#### DATASET EXCERPTS
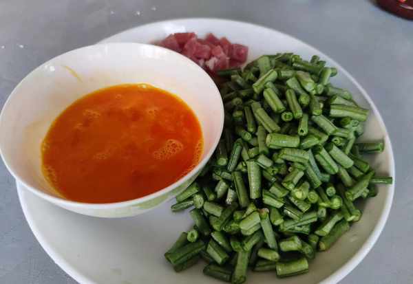 1.豇豆摘洗幹凈瀝幹水分備用,裡脊肉剔去白色筋膜後切成小丁。
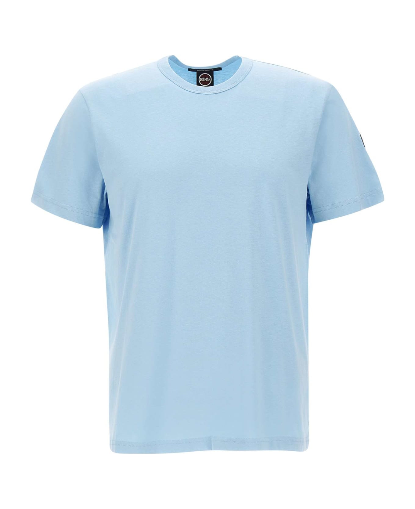 Colmar Originals "Frida" men's cotton t-shirt, pastel light blue, short sleeves, crew neck, iconic rubberized logo patch on left sleeve, regular fit, perfect for spring and summer season.
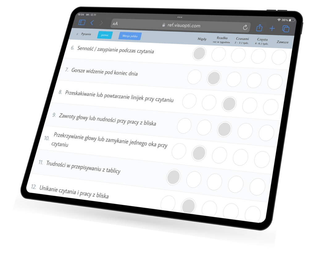 - Wystandaryzowane narzędzie stworzone przez College of Optometrist in Vision Development, pomaga wykryć dolegliwości wzrokowe uciążliwe w życiu codziennym już przed badaniem.
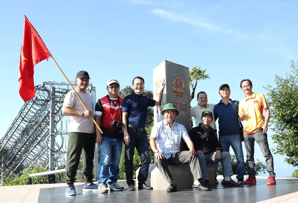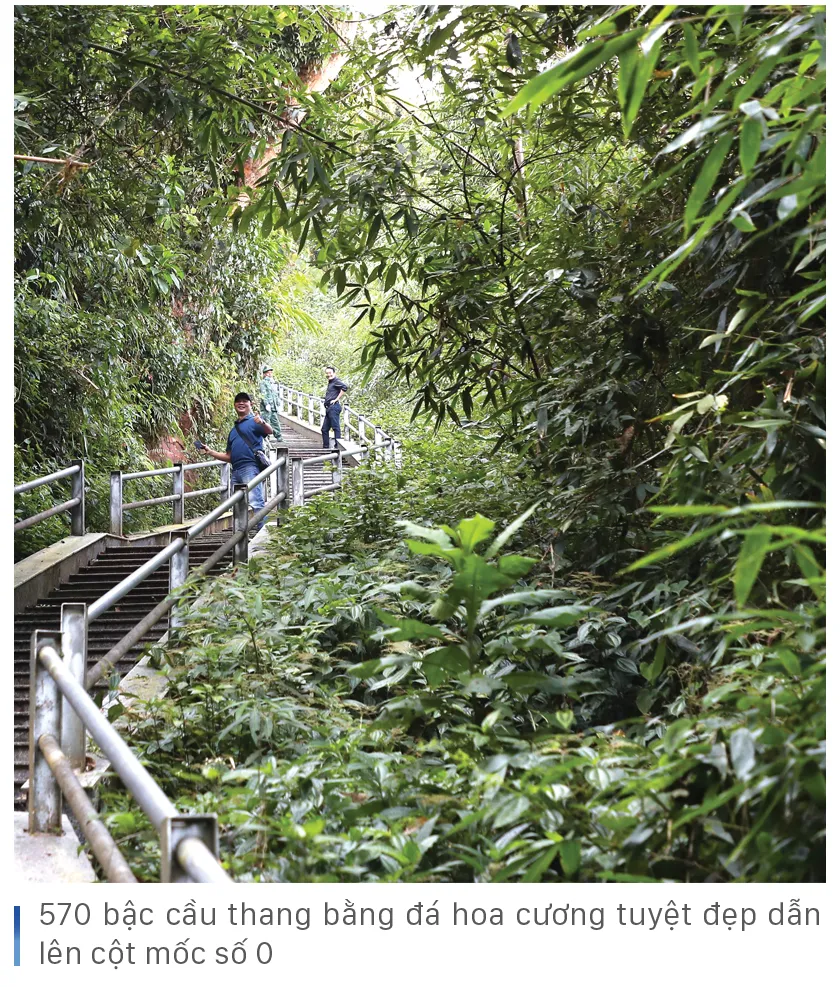 Dừng xe, nghỉ ngơi chút ít, chúng tôi bắt đầu chinh phục hơn 570 bậc cầu thang bằng đá hoa cương dẫn lên mốc số 0. Nếu chặng đường từ đồn biên phòng tới chân cột mốc là sự thử thách không hề nhỏ đối với những ai thích khám phá, mạo hiểm, việc leo bậc thang để lên tới cột mốc đòi hỏi chúng tôi sức khỏe dẻo dai.
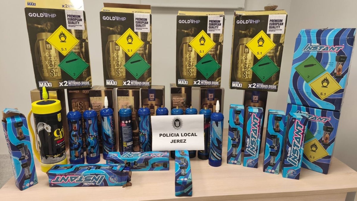 Archivo - Botellas de óxido nitroso incautadas en Jerez - AYUNTAMIENTO DE JEREZ - Archivo
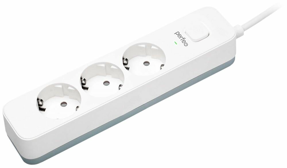 Удлинитель Perfeo POWERMATE (PF-PE-3/5.0-W), 3 розетки, с/з, 10А / 2200 Вт
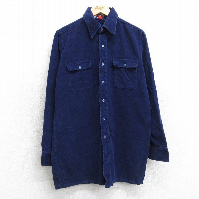■古着 長袖 シャツ メンズ 80年代 80s コーデュロイ コットン 紺 25nov15
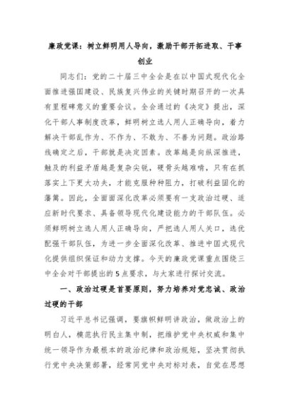 【七哥公文】2024年:廉政党课:树立鲜明用人导向,激励干部开拓进取、干事创业+更多免费公文+VX:QiGeGongWen2024
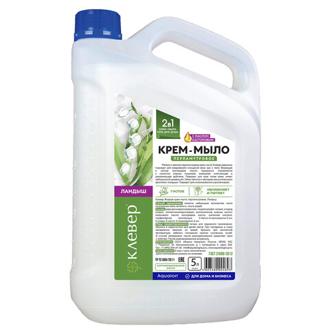 Мыло жидкое 5 л КЛЕВЕР "Ландыш", перламутровое, 104893
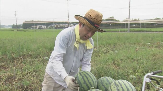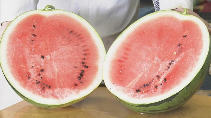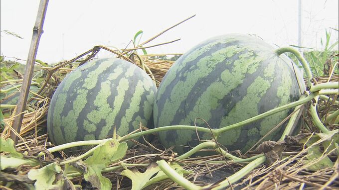 ことしは、今月はじめに続いた雨の影響で生育にむらがあるものの、例年と変わらない甘いスイカができたということです。収穫されたスイカは地元の道の駅などで販売されます。
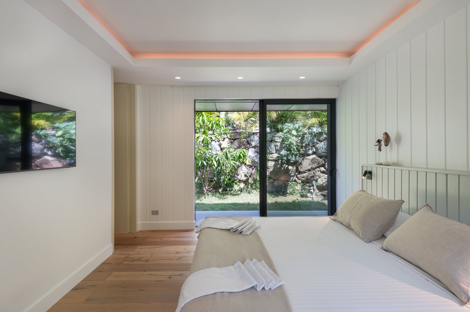Bedroom 1 faces the pool, while Bedroom 2 is set just behind it. Both are fully air-conditioned and designed in a clean, contemporary style that blends comfort with understated elegance.

#### WHAT THE TASK REQUIRES
From the line with "- Wystandaryzowane narzędzie" through the last line of the entries above, transcribe everything exactly, both ends included, but not the pictures.

#### OUTPUT OF THE EXERCISE
 - Wystandaryzowane narzędzie stworzone przez College of Optometrist in Vision Development, pomaga wykryć dolegliwości wzrokowe uciążliwe w życiu codziennym już przed badaniem.
 Dừng xe, nghỉ ngơi chút ít, chúng tôi bắt đầu chinh phục hơn 570 bậc cầu thang bằng đá hoa cương dẫn lên mốc số 0. Nếu chặng đường từ đồn biên phòng tới chân cột mốc là sự thử thách không hề nhỏ đối với những ai thích khám phá, mạo hiểm, việc leo bậc thang để lên tới cột mốc đòi hỏi chúng tôi sức khỏe dẻo dai.
 Archivo - Botellas de óxido nitroso incautadas en Jerez - AYUNTAMIENTO DE JEREZ - Archivo
 Удлинитель Perfeo POWERMATE (PF-PE-3/5.0-W), 3 розетки, с/з, 10А / 2200 Вт
■古着 長袖 シャツ メンズ 80年代 80s コーデュロイ コットン 紺 25nov15
 【七哥公文】2024年:廉政党课:树立鲜明用人导向,激励干部开拓进取、干事创业+更多免费公文+VX:QiGeGongWen2024
 Мыло жидкое 5 л КЛЕВЕР "Ландыш", перламутровое, 104893
 ことしは、今月はじめに続いた雨の影響で生育にむらがあるものの、例年と変わらない甘いスイカができたということです。収穫されたスイカは地元の道の駅などで販売されます。
Bedroom 1 faces the pool, while Bedroom 2 is set just behind it. Both are fully air-conditioned and designed in a clean, contemporary style that blends comfort with understated elegance.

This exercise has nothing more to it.